Most of the time it’s via a newsletter and then those people will download your free book, so there are different submission sites for different genres and then there are more general ones that submit to all categories. 

There are many submission sites out there and there are also lists of the submission sites. 

If you google Kindle book submission list or Kindle free giveaway book submission list, you’ll get a ton of these. 

I found one called readers in the know.com, and Kindlepreneur both have big lists.

Once you have found the submission sites you need to manually submit. 

The big need to be aware of this, there is normally a one or two week lead in time and so you need to submit the details of your free giveaway a week or two before the free giveaway kicks in.

Harms: You may not have time to do this so another way around this is rather than manually submitting the information to the submission sites we can leverage other people’s time and the way we can best do that is somewhere like Fiverr. 

Sending your book submissions to the submission site is one of those services so you can have somebody do it for you, that is a mechanism. 

What other ways can we help encourage downloads?

Kyle: Number one is manually submitting to the submission sites, it works, it’s just time-consuming. 

Number two is finding somebody on Fiverr who would do this for you, there are lots of existing sites if you search submissions you should be able to find them. 

Number three is similar to using an automated tool and the tool is called Kindle ROI as in return on investment. 

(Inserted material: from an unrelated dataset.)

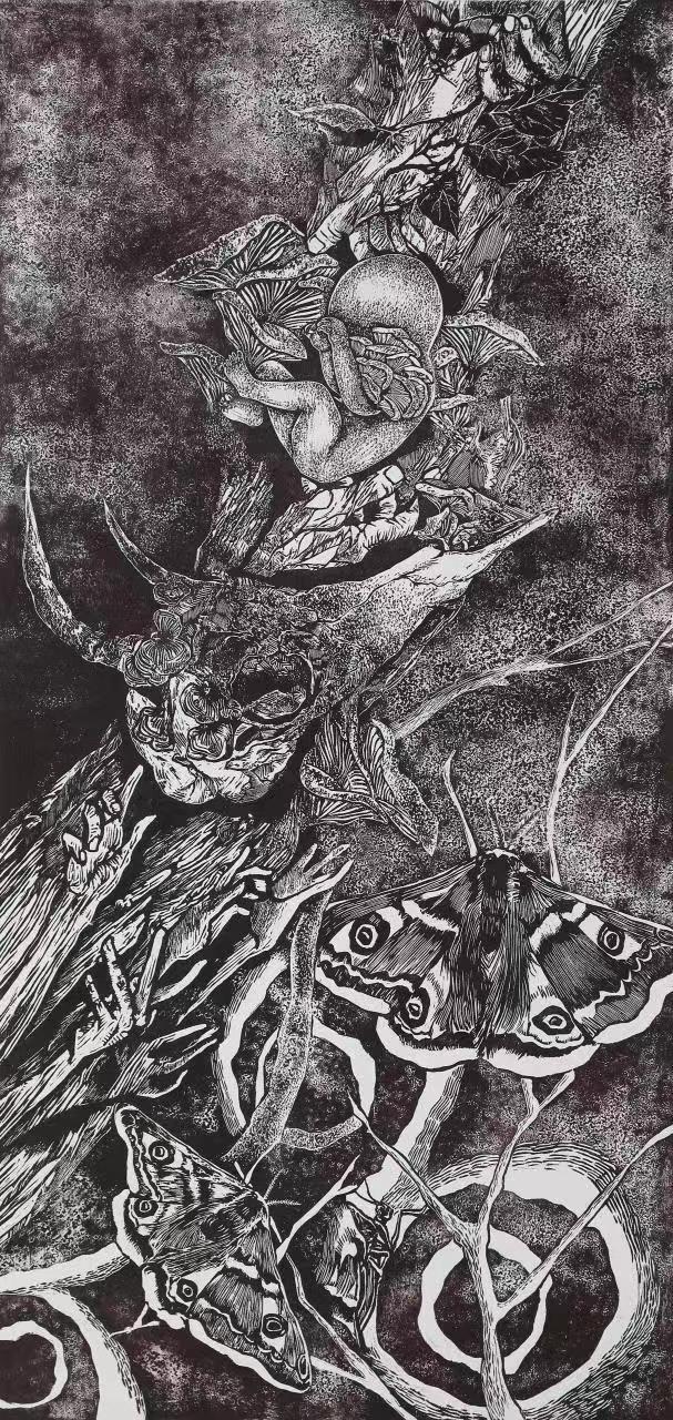美师3班版画方向周钰媚同学的《沐•生》通过婴儿、树木植物、蝴蝶等物象元素,形成了一种对生命神秘性的描绘与表达,在黑白木刻中叠加木板木屑等综合媒材,采用了凹版与凸版相结合的印刷方法,画面即有黑白木刻简洁明快的力度,又呈现出细腻的肌理与黑白灰的层次感,充分体现了版画的印痕之美。

It’s a paid tool but it does submissions for you. 

What it does is it scans your Kindle product page and pulls the information and automatically submits it to different submission sites. 

Why this is really useful is because each submission site you need to create a login for, and then they ask for your details in slightly different formats, so it is a pain to copy paste them every time. 

Kindle ROI is a paid tool, so obviously that’s a disadvantage depending on your budget, but it does automatically pull all the information automatically and send it to all of these different submission sites without you having to create logins or do anything so it’s pretty great. 

I think it submits about 35 or 40 different sites mainly the big generalised ones and the tool was last time I checked $47. 

If you’re going to be publishing more than one book, and if you are submitting them to these sites it’s really useful and $47 is not very much. I’d also have a look on Fiverr, that’s the second option.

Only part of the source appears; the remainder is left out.